[Data provided Boundary: Start]
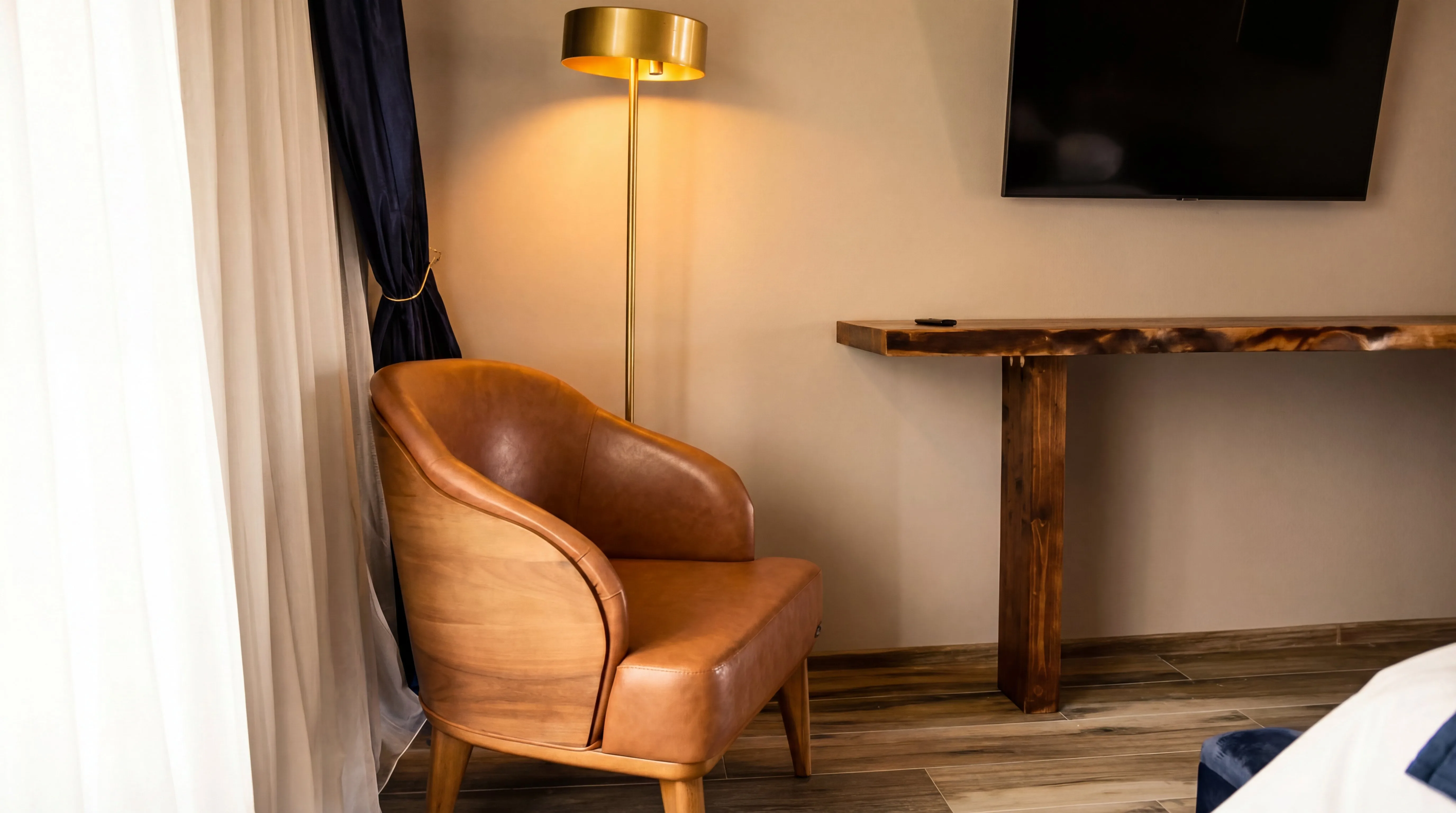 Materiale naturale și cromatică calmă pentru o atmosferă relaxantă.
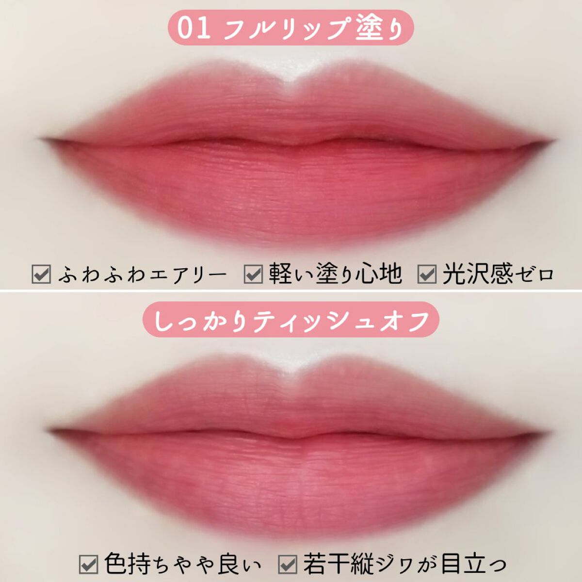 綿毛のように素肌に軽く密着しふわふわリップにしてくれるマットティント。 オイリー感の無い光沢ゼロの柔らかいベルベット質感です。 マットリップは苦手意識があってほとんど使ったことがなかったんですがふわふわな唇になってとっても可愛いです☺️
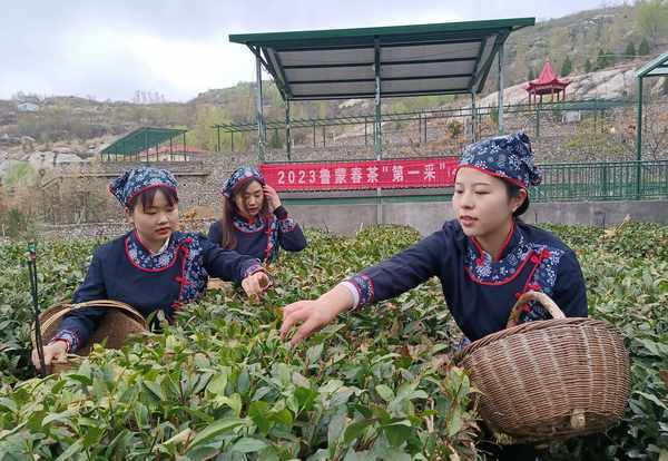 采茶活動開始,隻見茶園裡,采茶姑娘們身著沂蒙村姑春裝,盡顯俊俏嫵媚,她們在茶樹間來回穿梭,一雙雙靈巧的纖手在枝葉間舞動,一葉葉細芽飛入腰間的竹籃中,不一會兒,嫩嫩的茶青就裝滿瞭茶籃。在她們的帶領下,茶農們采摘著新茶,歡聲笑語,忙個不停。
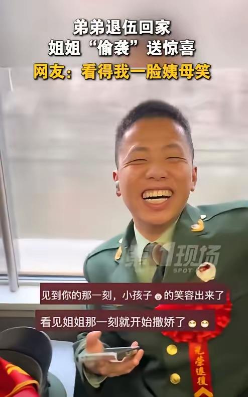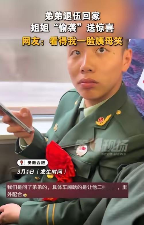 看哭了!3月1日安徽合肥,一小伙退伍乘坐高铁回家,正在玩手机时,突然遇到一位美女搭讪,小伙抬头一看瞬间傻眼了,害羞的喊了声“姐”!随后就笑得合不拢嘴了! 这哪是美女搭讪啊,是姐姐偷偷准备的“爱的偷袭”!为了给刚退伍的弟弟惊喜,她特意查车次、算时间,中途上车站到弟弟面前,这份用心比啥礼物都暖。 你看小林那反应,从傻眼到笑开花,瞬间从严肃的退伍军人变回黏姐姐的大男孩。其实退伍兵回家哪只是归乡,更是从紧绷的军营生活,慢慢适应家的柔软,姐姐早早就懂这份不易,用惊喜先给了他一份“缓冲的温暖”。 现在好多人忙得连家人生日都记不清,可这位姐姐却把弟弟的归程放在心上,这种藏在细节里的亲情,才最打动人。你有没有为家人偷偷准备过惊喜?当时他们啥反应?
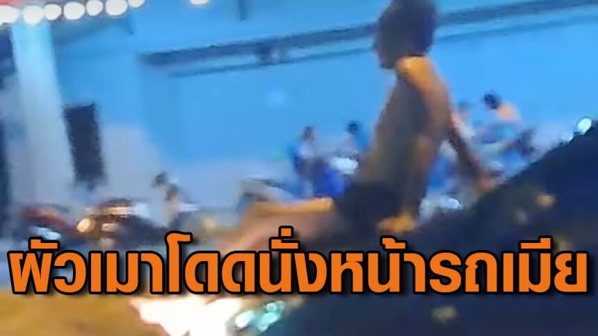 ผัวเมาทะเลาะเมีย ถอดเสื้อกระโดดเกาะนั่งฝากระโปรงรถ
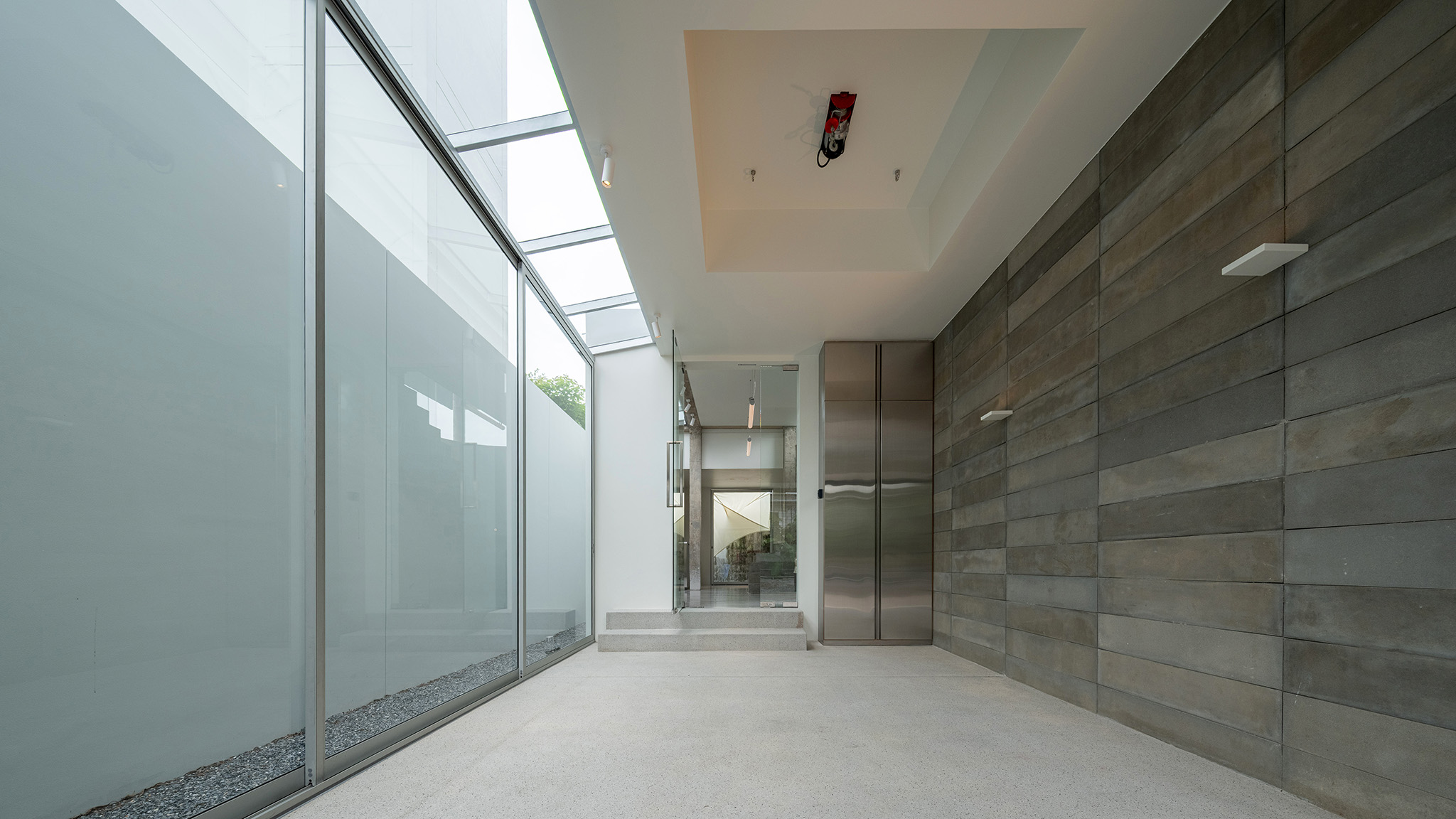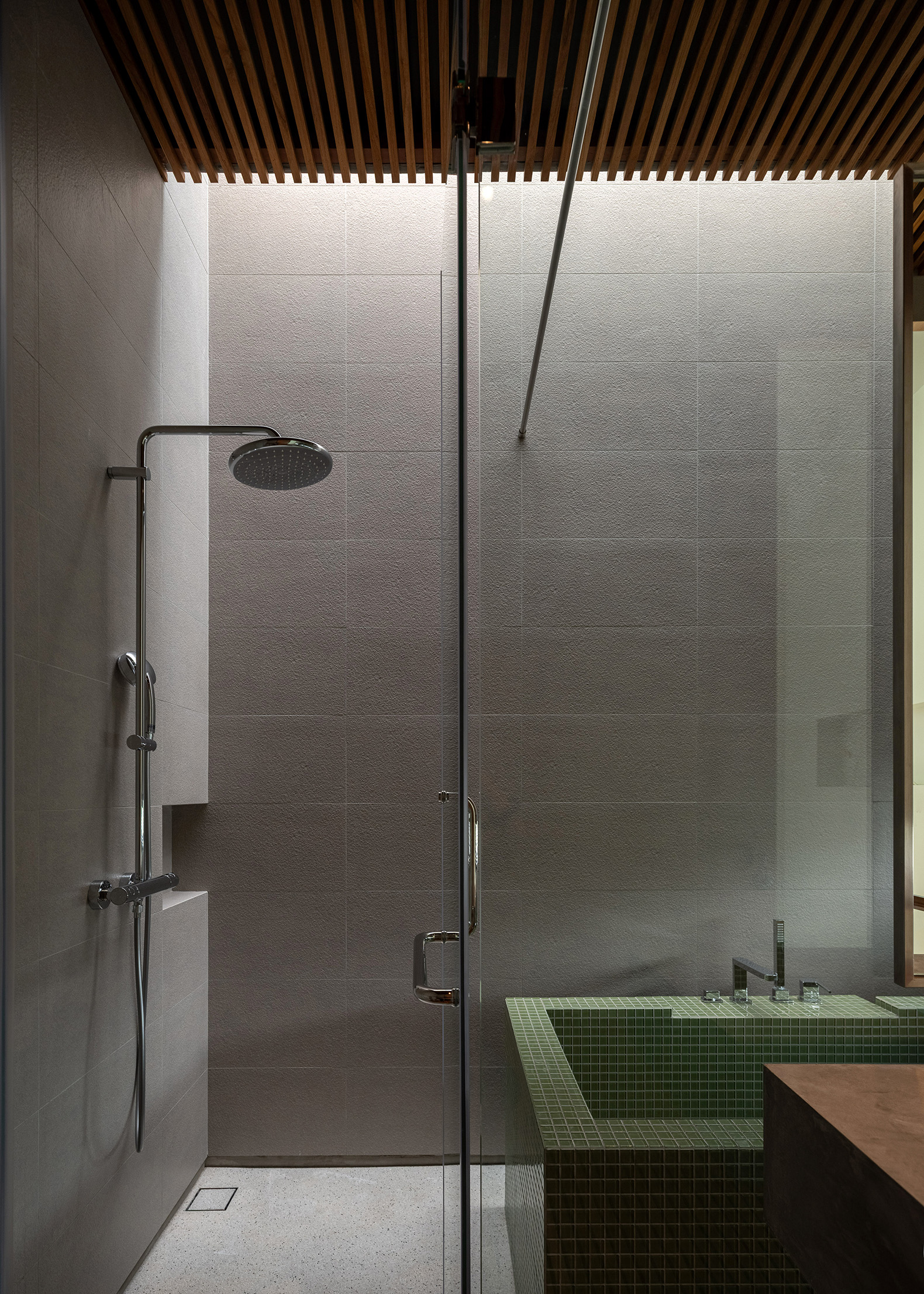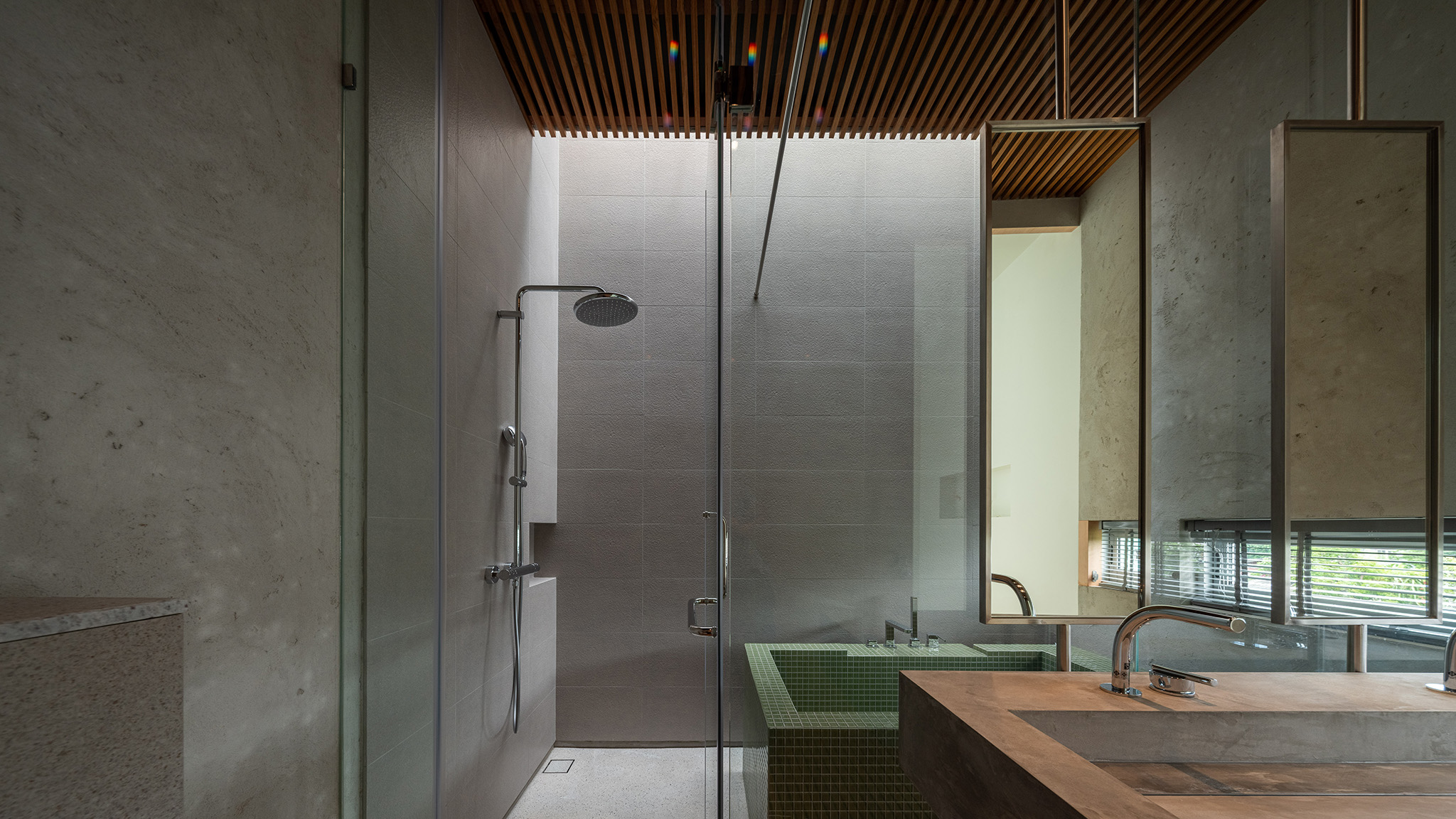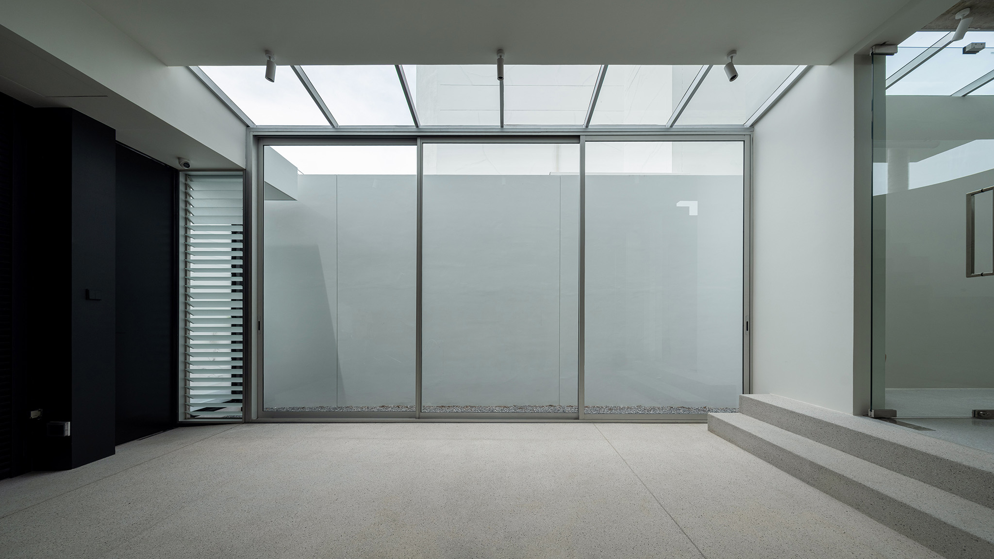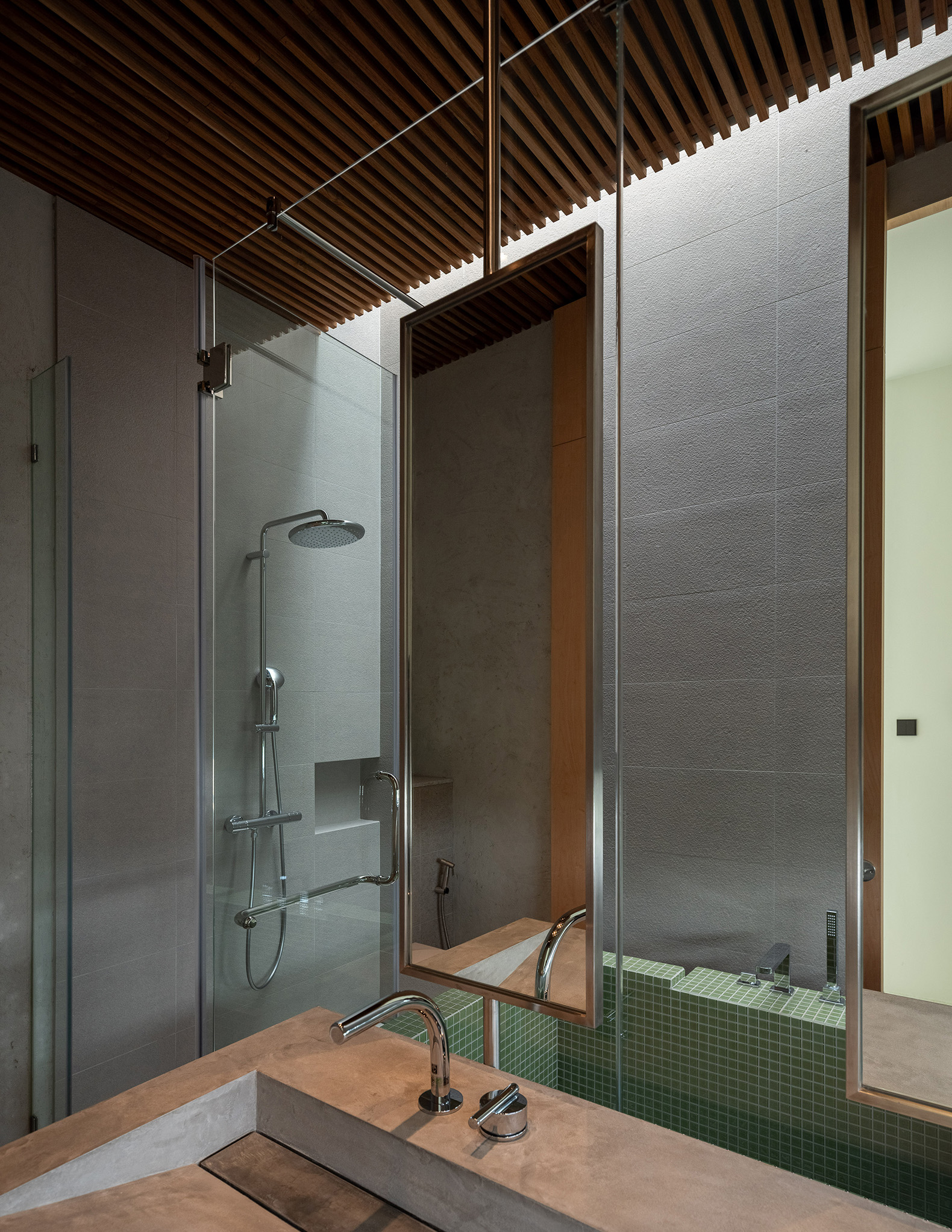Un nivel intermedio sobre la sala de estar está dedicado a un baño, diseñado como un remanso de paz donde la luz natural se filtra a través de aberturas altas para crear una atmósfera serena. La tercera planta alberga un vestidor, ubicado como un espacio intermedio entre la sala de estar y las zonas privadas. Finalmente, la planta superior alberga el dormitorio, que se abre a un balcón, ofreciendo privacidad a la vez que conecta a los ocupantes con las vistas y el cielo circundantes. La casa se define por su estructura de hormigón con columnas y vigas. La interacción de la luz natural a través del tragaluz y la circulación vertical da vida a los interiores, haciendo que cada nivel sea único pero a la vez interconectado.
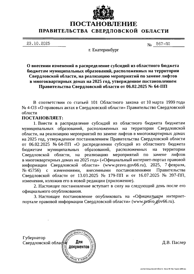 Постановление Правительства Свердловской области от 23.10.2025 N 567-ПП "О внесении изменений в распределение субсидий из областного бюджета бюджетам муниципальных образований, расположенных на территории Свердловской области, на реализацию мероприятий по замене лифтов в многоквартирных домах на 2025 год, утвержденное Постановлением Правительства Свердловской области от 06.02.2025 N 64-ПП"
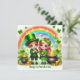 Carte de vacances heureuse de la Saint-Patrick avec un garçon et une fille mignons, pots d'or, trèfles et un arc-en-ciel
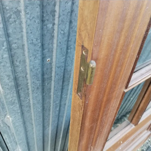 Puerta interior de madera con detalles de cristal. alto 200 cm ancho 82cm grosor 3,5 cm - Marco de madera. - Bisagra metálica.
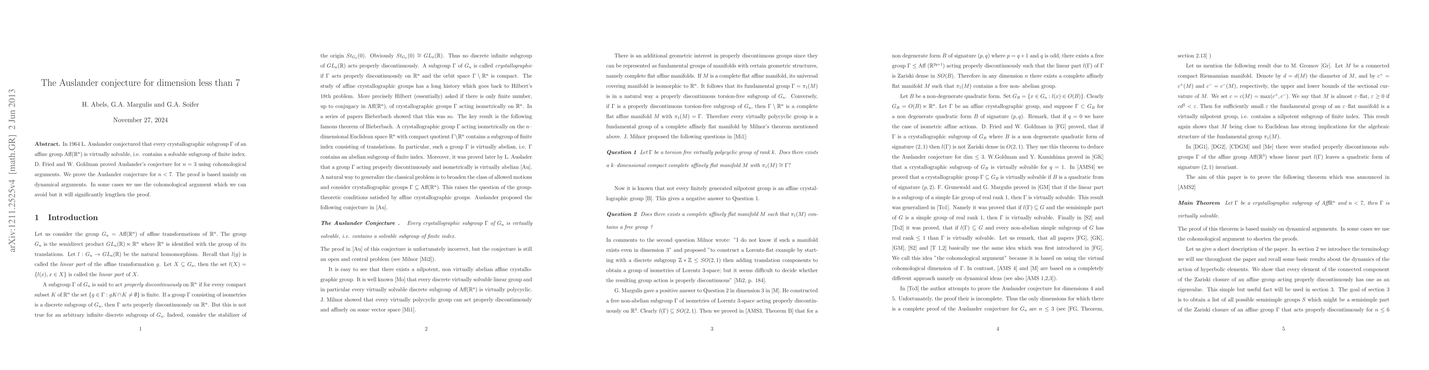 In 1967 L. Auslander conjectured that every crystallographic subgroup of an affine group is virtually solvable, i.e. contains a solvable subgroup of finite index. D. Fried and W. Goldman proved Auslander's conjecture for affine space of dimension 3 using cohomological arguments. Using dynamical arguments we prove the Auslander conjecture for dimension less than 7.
[Data provided Boundary: End]
Goal of the exercise: Print the whole listing exactly. No pictures belong in the copy.

Response for this exercise:
 Materiale naturale și cromatică calmă pentru o atmosferă relaxantă.
 綿毛のように素肌に軽く密着しふわふわリップにしてくれるマットティント。 オイリー感の無い光沢ゼロの柔らかいベルベット質感です。 マットリップは苦手意識があってほとんど使ったことがなかったんですがふわふわな唇になってとっても可愛いです☺️
 采茶活動開始,隻見茶園裡,采茶姑娘們身著沂蒙村姑春裝,盡顯俊俏嫵媚,她們在茶樹間來回穿梭,一雙雙靈巧的纖手在枝葉間舞動,一葉葉細芽飛入腰間的竹籃中,不一會兒,嫩嫩的茶青就裝滿瞭茶籃。在她們的帶領下,茶農們采摘著新茶,歡聲笑語,忙個不停。
 看哭了!3月1日安徽合肥,一小伙退伍乘坐高铁回家,正在玩手机时,突然遇到一位美女搭讪,小伙抬头一看瞬间傻眼了,害羞的喊了声“姐”!随后就笑得合不拢嘴了! 这哪是美女搭讪啊,是姐姐偷偷准备的“爱的偷袭”!为了给刚退伍的弟弟惊喜,她特意查车次、算时间,中途上车站到弟弟面前,这份用心比啥礼物都暖。 你看小林那反应,从傻眼到笑开花,瞬间从严肃的退伍军人变回黏姐姐的大男孩。其实退伍兵回家哪只是归乡,更是从紧绷的军营生活,慢慢适应家的柔软,姐姐早早就懂这份不易,用惊喜先给了他一份“缓冲的温暖”。 现在好多人忙得连家人生日都记不清,可这位姐姐却把弟弟的归程放在心上,这种藏在细节里的亲情,才最打动人。你有没有为家人偷偷准备过惊喜?当时他们啥反应?
 ผัวเมาทะเลาะเมีย ถอดเสื้อกระโดดเกาะนั่งฝากระโปรงรถ
Un nivel intermedio sobre la sala de estar está dedicado a un baño, diseñado como un remanso de paz donde la luz natural se filtra a través de aberturas altas para crear una atmósfera serena. La tercera planta alberga un vestidor, ubicado como un espacio intermedio entre la sala de estar y las zonas privadas. Finalmente, la planta superior alberga el dormitorio, que se abre a un balcón, ofreciendo privacidad a la vez que conecta a los ocupantes con las vistas y el cielo circundantes. La casa se define por su estructura de hormigón con columnas y vigas. La interacción de la luz natural a través del tragaluz y la circulación vertical da vida a los interiores, haciendo que cada nivel sea único pero a la vez interconectado.
 Постановление Правительства Свердловской области от 23.10.2025 N 567-ПП "О внесении изменений в распределение субсидий из областного бюджета бюджетам муниципальных образований, расположенных на территории Свердловской области, на реализацию мероприятий по замене лифтов в многоквартирных домах на 2025 год, утвержденное Постановлением Правительства Свердловской области от 06.02.2025 N 64-ПП"
 Carte de vacances heureuse de la Saint-Patrick avec un garçon et une fille mignons, pots d'or, trèfles et un arc-en-ciel
 Puerta interior de madera con detalles de cristal. alto 200 cm ancho 82cm grosor 3,5 cm - Marco de madera. - Bisagra metálica.
 In 1967 L. Auslander conjectured that every crystallographic subgroup of an affine group is virtually solvable, i.e. contains a solvable subgroup of finite index. D. Fried and W. Goldman proved Auslander's conjecture for affine space of dimension 3 using cohomological arguments. Using dynamical arguments we prove the Auslander conjecture for dimension less than 7.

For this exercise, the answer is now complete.